Simultaneous to M’Care expansion in 2021, Ashimi launched the Digi-Women Initiative in Partnership with Retail Giants Academy and SheLearns Here Initiative. Up-skilling rural women entrepreneurs’ digital literacy and resilience to economic shock waves, the Initiative bridged the women’s digital skills gaps.
“Women hold the fabric of our societies. They constitute half of the world’s population today – and McKinsey reports digital up-skilling of women could add up to $12 trillion to the global GDP by 2025. That’s just 3 years away,” Ashimi’s 3-month long Initiative matched 100 rural women to digital jobs and helped:
- 54 micro-entrepreneurs set up e-Commerce stores
- 24 entrepreneurs create their Google Business Pages
- 10 women graduates from the digital marketing program design their business websites and social media sites and channels
Last mile impact – women-empowerment and equitable healthcare
M’Care’s long-term impact has fostered resilience across the communities it serves by:
- 74% reduction in mortality rates – increasing by 272% year-on-year deaths prevention
- 90% improved access to medicines, vaccines, and healthcare
- 94% increased detection of contagious index cases within 12-hours, limiting outbreaks
- 8 riverside communities built resilience to flood-related healthcare challenges with halting epidemics’ spread
CHEWs can flag highly contagious cases within a 12-hour period. Public health risk cases are immediately referred to preset referral hospitals and disease control centers across Nigeria – part of M’Care’s Compass 243 referral centers and hospitals in the proximity to the rural community. CHEWs can stabilize emergency cases with a direct phone call connecting them with medical specialists from M’Care’s database of 3,000 doctors.
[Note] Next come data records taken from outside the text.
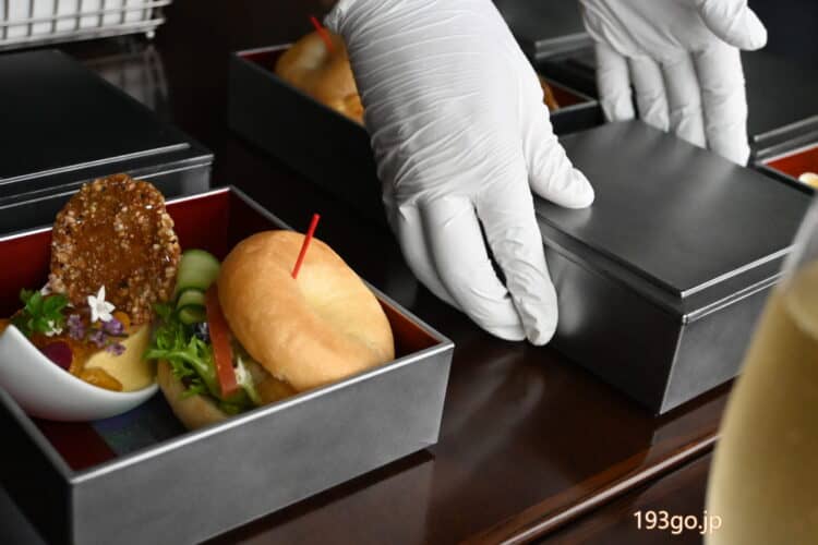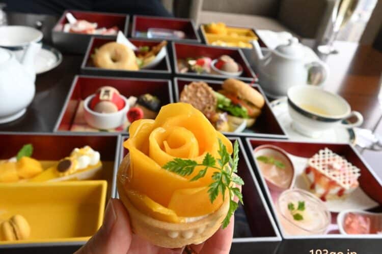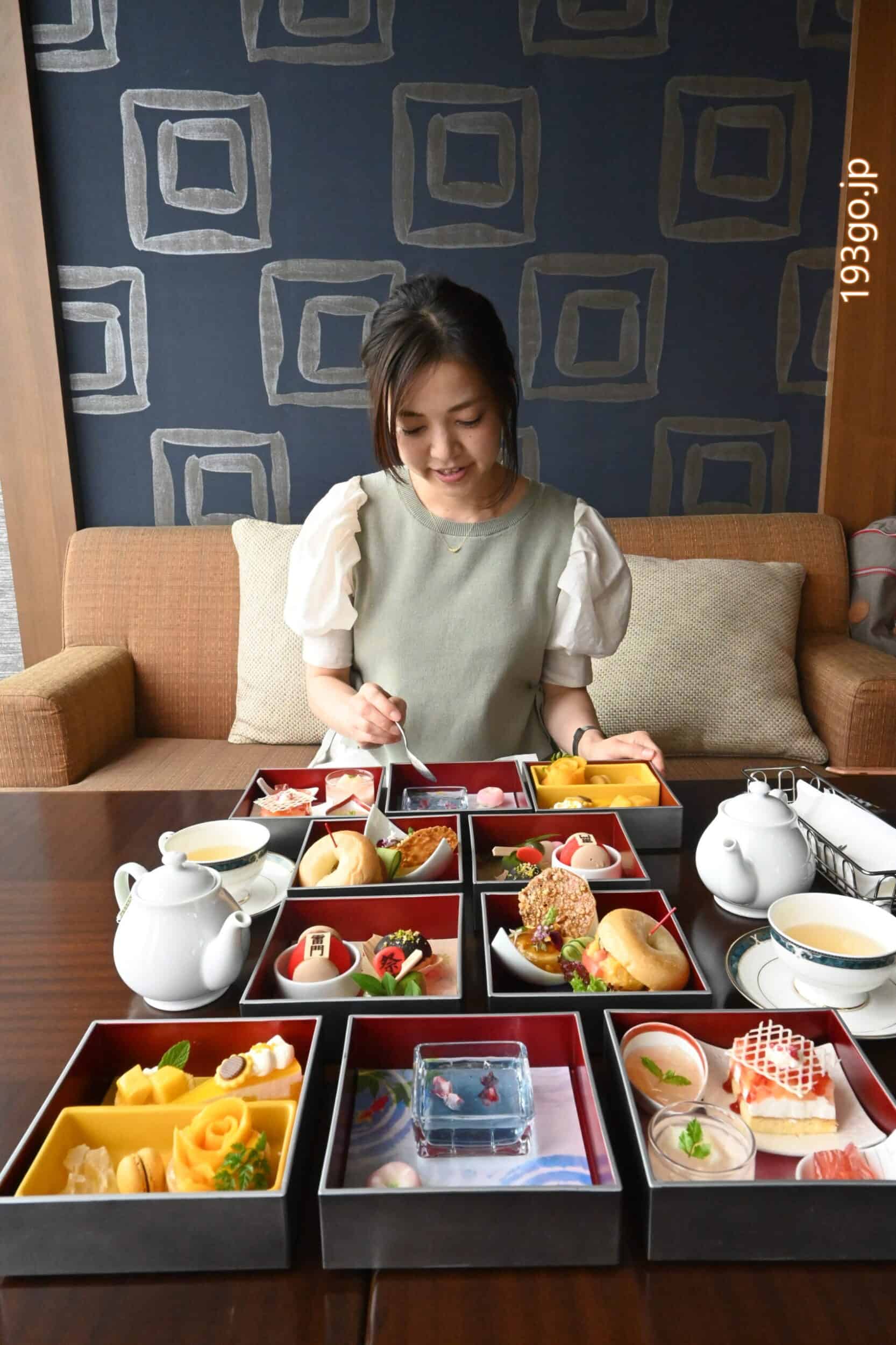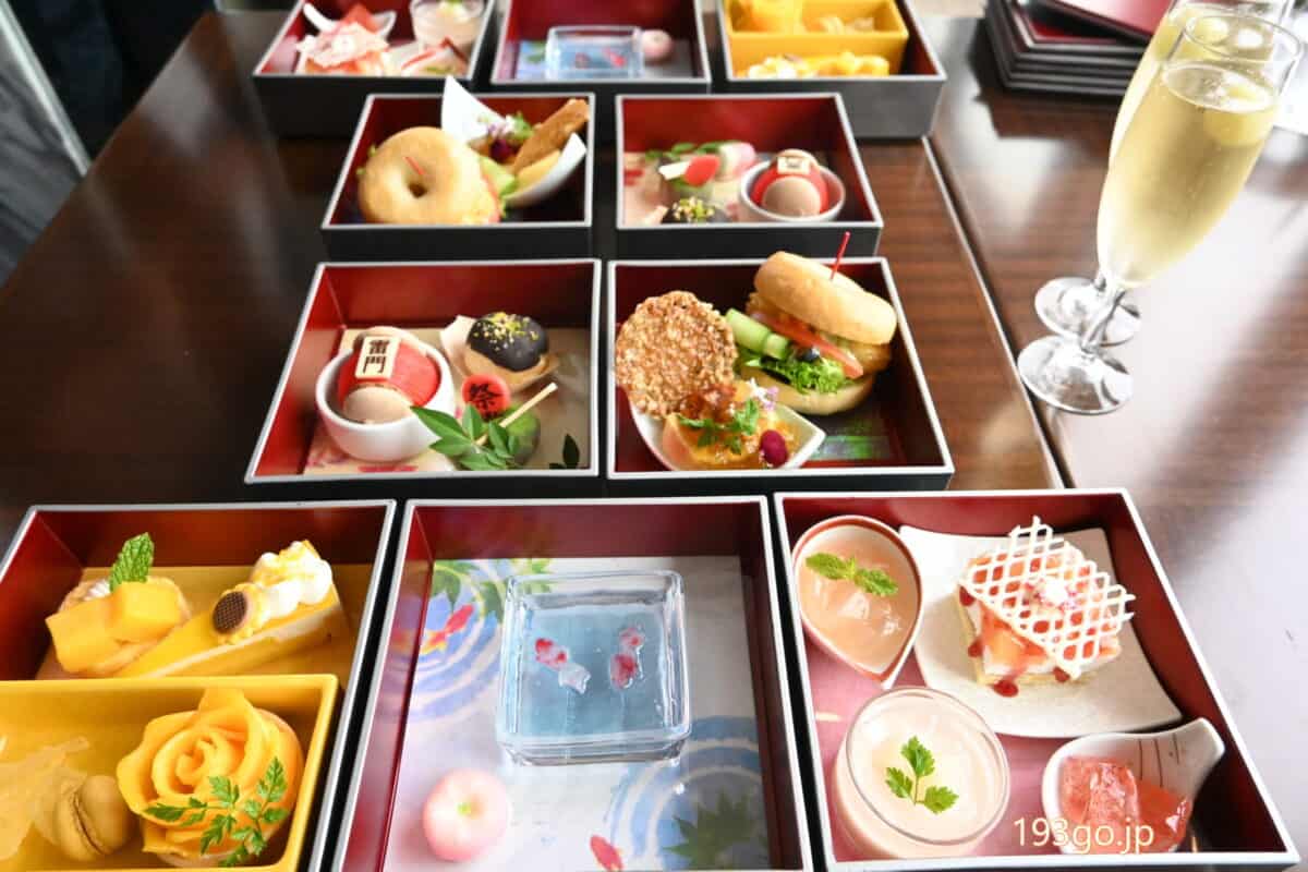 夏のアフタヌーンティー「きらめきの夏詩箱」は、定番のスタンドではなく、浅草の五重塔をイメージした五つの重箱で提供される。和のモチーフはこの地ならでは。1つずつ箱を開ける楽しみが。
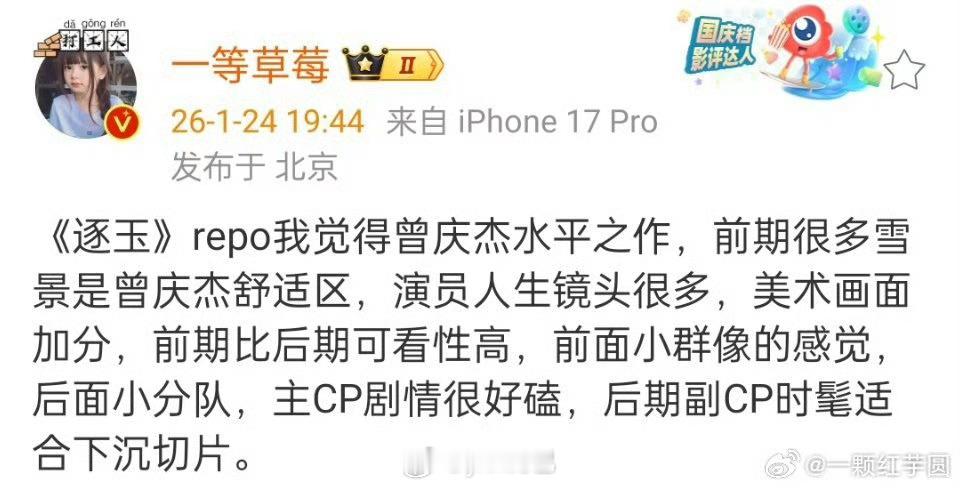 张凌赫田曦薇《逐玉》repo:演员人生镜头很多,前期小群像更好看,主cp剧情很好磕,副cp时髦适合下沉切片。
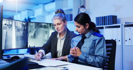 Security guard monitoring modern CCTV cameras in a surveillance room. Female security guards sitting having conversation monitoring cctv.
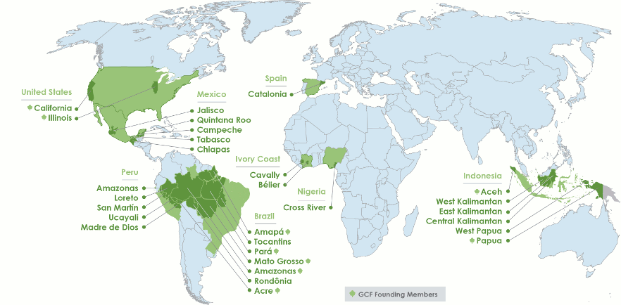 El GCF es una alianza subnacional única, formada por 26 estados y provincias de Brasil, Indonesia, México, Nigeria, Perú, España y Estados Unidos, que han colaborado, desde finales de 2008, en desarrollar los elementos centrales y las capacidades necesarias para crear programas jurisdiccionales REDD+ y el desarrollo bajo en emisiones, vincular estos programas con los nuevos regímenes de cumplimiento sobre los gases de efecto invernadero (GEI) y otras oportunidades de pago por rendimiento, integrarlos en agendas más amplias de desarrollo rural bajo en emisiones y fomentar el alineamiento con los procesos políticos nacionales e internacionales.

“Over 80% of our patient demographic are women of child-bearing age and children under five. With over 50% child mortality rates, scaling M’Care across sub-Saharan Africa is our priority,” Ashimi notes. She aims to double the reach to 3.6 million rural people in the coming year, and to 50 million in the next five years, working with Primary Healthcare Directorates, Ministries of Health, pharmaceuticals, multilateral health organizations, and large NGOs with a network of CHEWs.
In a pandemic-prone world, Ashimi believes “timely primary care interventions” will be critical. Even in developed countries, strained health budgets will make it impossible to “scale healthcare workers to meet the exponential demand.” AI solutions such as M’Care will not only be important, but “redefine both developed and developing countries’ healthcare infrastructure to be more responsive, cost effective, and accessible to everyone needing care.” M’Care, she says, is ahead of “this curve through its adaptability and ground-up model.”
Asked how world leaders can make a greater impact, Ashimi offers one word: “Equity”.
“EQUITY. Development is not a zero-sum game if you add equity to the equation. Equitable access to healthcare, education, digital skills, economic and social mobility opportunities contribute to a rich, diverse, and exciting world where amazing creativity flourishes evenly without depleting or threatening the survival of our ecosystem. Equity is a holistic way of development for profit, the planet and people,” Ashimi says.